BUILDING INFORMATION MODELLING (BIM) AS AN ENABLER FOR WHOLE-BUILDING EMBODIED ENERGY AND CARBON CALCULATION IN EARLY-STAGE BUILDING DESIGN

Price

Free (open access)

Paper DOI

10.2495/BIM170091

Volume

169

Pages

12

Page Range

89 - 100

Published

2017

Size

318 kb

Author(s)

AMALIA BANTELI, VICKI E. STEVENSON

Abstract

In recent years, there has been a worldwide effort to reduce carbon emissions from buildings. Operational energy (OE) reduction has been the main focus of the Industry as it accounts for a greater proportion of carbon emissions throughout the building life and is easier than embodied energy (EE) to predict. However, as OE is reduced, embodied energy and carbon emissions become more significant. Further to this, early-stage design decisions are crucial as they determine a significant portion of a building’s life-cycle impacts and cannot easily be amended later in the life of a building. Currently though, there is a lack of legislation and guidance relating to embodied carbon (EC) in buildings.
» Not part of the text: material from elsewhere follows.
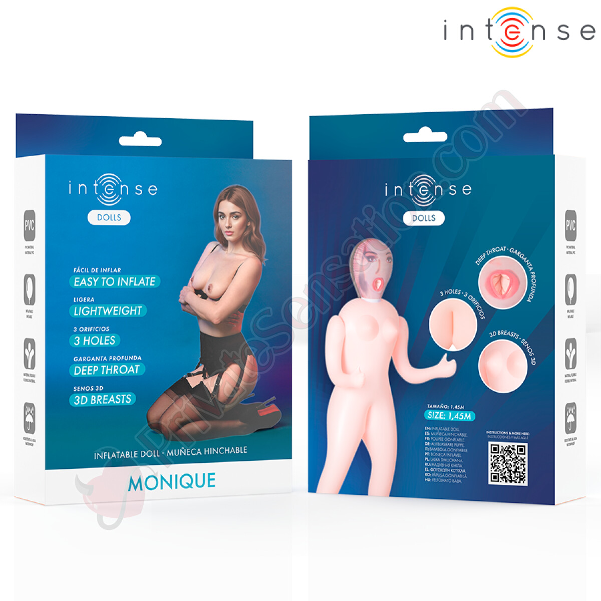 Monique è una bambola gonfiabile progettata per offrire un'esperienza completa grazie ai suoi tre orifizi funzionali e ai dettagli realistici. Con un'altezza di 1,45 m, presenta una struttura leggera e facile da utilizzare, realizzata in PVC flessibile e resistente.

This, together with the UK construction industry fragmentation, creates a significant barrier to dealing with embodied carbon at the design stage. The UK Government has mandated the implementation of collaborative 3D BIM for all public-sector projects. This step aims to tackle cost and carbon emission reduction targets by encouraging the construction Industry to operate more collaboratively thereby enabling greater efficiency. Since BIM empowers communications and stores information into one single digital model it has the potential to enable whole-building EC calculations. This can facilitate EC calculation to be included in early-design stage. This paper looks at literature that relates to BIM and EC’s role in early-stage design and draws conclusions on how BIM can enable EC calculation inclusion to early-stage design. It establishes a correlation between the matrix of information required for BIM and the information required for whole-building EC calculations. This research aims to reveal the actors and processes involved in providing this information and suggest the project stages that EC calculations should take place in early-stage design. The future benefit is to inform practice and policy to enable EC reduction through BIM in order to meet overall carbon targets.